Wednesday, October 05, 2005

George Will: Bush an ot e trusted with the Constitution.

A sub-par Supreme Court nominee would not normally be expected to raise the level of vitriol among the the party of the President. A full-throated opposition is usually reserved for the opposition party. Yet in this second Bush term, the tables have flipped and the President is facing an uncomfortable reality; the base is pissed.

When even mild-mannered conservative George Will calls on the Senate to reject the President's nominee - a move he would soundly denounce if proposed by the Democratic leadership - especially with such finality, the Mylanta and scotch deliveries to the West Wing are bound to increase.

Will calls for her rejection because he sees White House Counsel Harriet Miers as unqualified for the position of Supreme Court justice.
Furthermore, there is no reason to believe that Miers's nomination resulted from the president's careful consultation with people capable of such judgments. If 100 such people had been asked to list 100 individuals who have given evidence of the reflectiveness and excellence requisite in a justice, Miers's name probably would not have appeared in any of the 10,000 places on those lists.
Not only that, Will rejects the President's qualifications to chose a Supreme Court nominee:
It is not important that she be confirmed because there is no evidence that she is among the leading lights of American jurisprudence, or that she possesses talents commensurate with the Supreme Court's tasks. The president's "argument" for her amounts to: Trust me. There is no reason to, for several reasons.

He has neither the inclination nor the ability to make sophisticated judgments about competing approaches to construing the Constitution. Few presidents acquire such abilities in the course of their pre-presidential careers, and this president particularly is not disposed to such reflections.

[snip]

In addition, the president has forfeited his right to be trusted as a custodian of the Constitution. The forfeiture occurred March 27, 2002, when, in a private act betokening an uneasy conscience, he signed the McCain-Feingold law expanding government regulation of the timing, quantity and content of political speech. The day before the 2000 Iowa caucuses he was asked -- to ensure a considered response from him, he had been told in advance that he would be asked -- whether McCain-Feingold's core purposes are unconstitutional. He unhesitatingly said, "I agree." Asked if he thought presidents have a duty, pursuant to their oath to defend the Constitution, to make an independent judgment about the constitutionality of bills and to veto those he thinks unconstitutional, he briskly said, "I do."
These are all points that critics of the Bush administration has been making for years. Bush has most often chosen the path that is post politically profitable irrespective of its adherence to philosophy or concepts of good governance.

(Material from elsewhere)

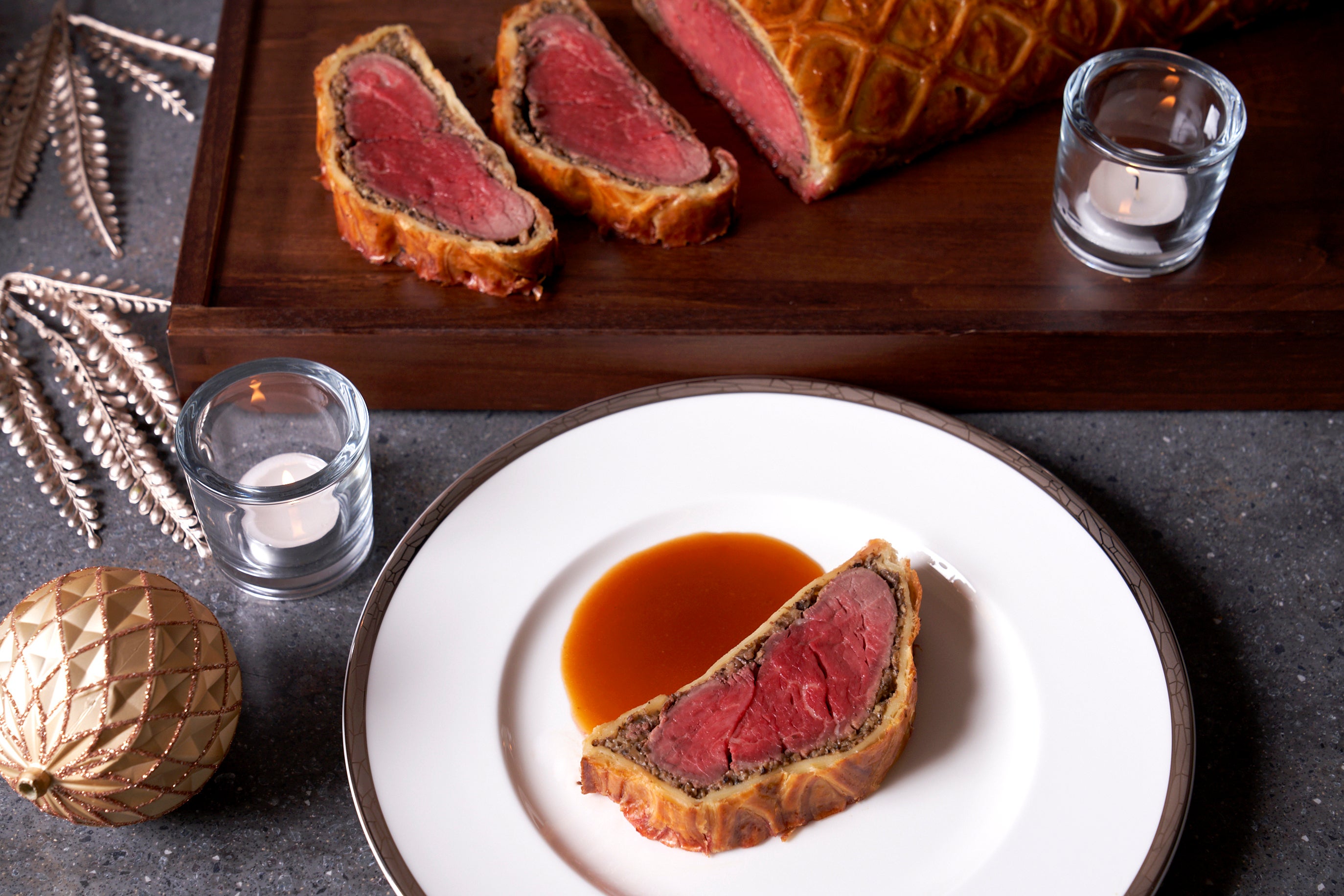 フィレステーキ用の牛肉を、キノコ、玉ねぎ、エシャロットなどを細かく刻んで バターなどで炒めたデュクセルで覆い、さらにその上からパイ生地で包んで オーブンで焼き上げました。イギリス地方でよくクリスマスに食される料理です。

Despite Bush's elevation as the "CEO President", continued negative fallout from his management decisions - think Iraq, Katrina, corruption in the leadership of his party (the President is still the head of the party), the general economy - reveals the lies of the propaganda his protectors have thrown up to protect him. If Bush were to run his company in the way he manages the country, the stock would be in the tank and there would be several investigations going on. Come to think of it, that may not be far from the truth.

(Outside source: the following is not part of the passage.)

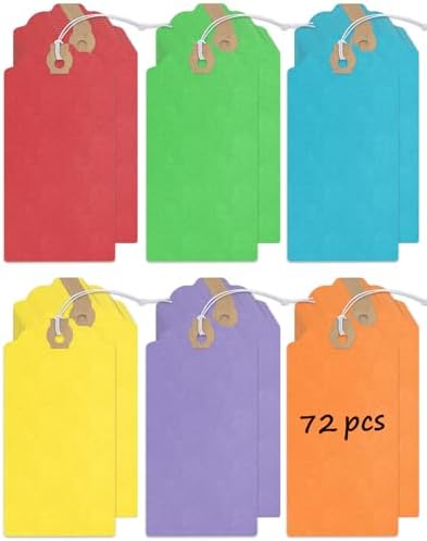 - Versatile Hanging Tags: A total of 72 blank labels in 6 colors and 12 labels for each color. Perfect for marking goods, clothes, jewelry, stationery, crafts, toys, luggage, etc. Great to be used as price tags, shipping tags, inventory tags and so on.

The President played to his base promising that he would deliver unto them a more conservative, more Christian nation. All he asked was a little patience. As has been pointed out elsewhere, the Supreme Court picks were supposed to be their payoff. They were promised the appointment of justices who would overturn Roe and would finally vanquish the false concept of a separation between Church and State.

Denied.

Bush's base, the conservative christians, took some body blows when it came to small-government conservatism. The payoff would come, they told themselves. When Robert was appointed, the right was happy, not ecstatic, but he was generally "one of them". The next pick was supposed to be their pick. If Roberts was the consesus conservative, O'Connor's replacement was to be the christian conservative, the one they could shove in the face of liberals, modernists and Democrats. The pick that would help the U.S. shoulder its proper mantle of one nation under, of and for God.

Instead they got taken.

Bush is finished. Soon other conservative politicians will woo away the support of the base and try to consolidate it enough for a run in 2008. Yet after the decades of work bringing the christian right into the political system, might this send them back into the wilderness? They held Bush up as the embodiment of their values and he, time and again, took their support and went the other way. If they couldn't achieve their dreams with a two-term President that made Reagan look like a moderate, what is left for them?

Perhaps more importantly, now that Bush has revealed his true colors, can we get back to the business of responsible governance?